*Source material*.
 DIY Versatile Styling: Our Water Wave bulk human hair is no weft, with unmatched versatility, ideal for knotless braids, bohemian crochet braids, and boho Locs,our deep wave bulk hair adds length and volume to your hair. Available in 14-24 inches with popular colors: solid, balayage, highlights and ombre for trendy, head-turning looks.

---

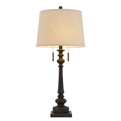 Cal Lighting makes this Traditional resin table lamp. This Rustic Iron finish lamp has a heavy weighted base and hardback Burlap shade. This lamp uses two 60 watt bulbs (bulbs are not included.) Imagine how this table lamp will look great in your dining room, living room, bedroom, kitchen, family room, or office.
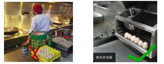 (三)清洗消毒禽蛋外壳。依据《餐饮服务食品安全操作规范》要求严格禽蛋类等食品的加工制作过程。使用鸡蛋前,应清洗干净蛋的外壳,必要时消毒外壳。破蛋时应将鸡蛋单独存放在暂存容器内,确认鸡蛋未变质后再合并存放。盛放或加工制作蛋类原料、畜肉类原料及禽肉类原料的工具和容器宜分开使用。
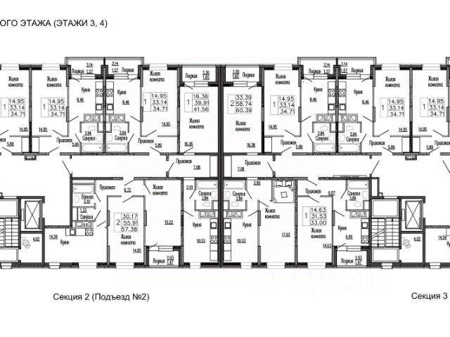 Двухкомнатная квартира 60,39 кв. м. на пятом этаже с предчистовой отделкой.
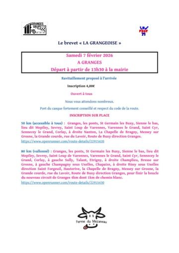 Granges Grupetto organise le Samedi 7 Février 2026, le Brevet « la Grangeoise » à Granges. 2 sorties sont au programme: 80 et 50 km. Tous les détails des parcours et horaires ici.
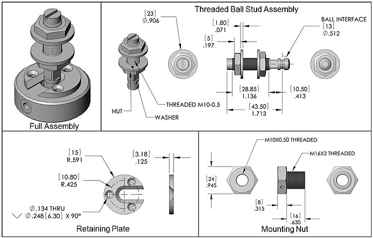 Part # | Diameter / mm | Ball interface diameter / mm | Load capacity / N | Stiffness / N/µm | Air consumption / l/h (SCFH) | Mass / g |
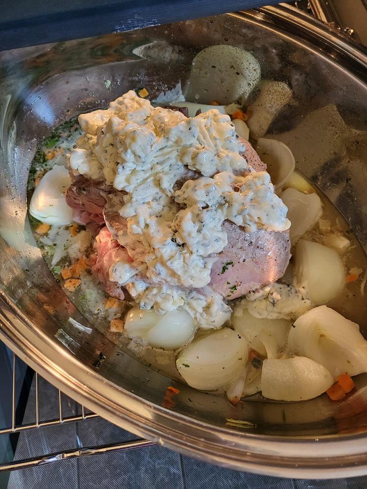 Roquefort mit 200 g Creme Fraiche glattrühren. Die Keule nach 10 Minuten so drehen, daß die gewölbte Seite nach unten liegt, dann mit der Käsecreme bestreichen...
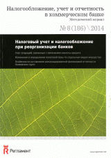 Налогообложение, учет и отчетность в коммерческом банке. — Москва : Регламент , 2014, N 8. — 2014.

*Work request*. Every line above from the one with "Roquefort mit 200" down to the one with "Налогообложение, учет и" must be written out exactly, and no picture may appear.

*Response to this task*.
 Roquefort mit 200 g Creme Fraiche glattrühren. Die Keule nach 10 Minuten so drehen, daß die gewölbte Seite nach unten liegt, dann mit der Käsecreme bestreichen...
 Налогообложение, учет и отчетность в коммерческом банке. — Москва : Регламент , 2014, N 8. — 2014.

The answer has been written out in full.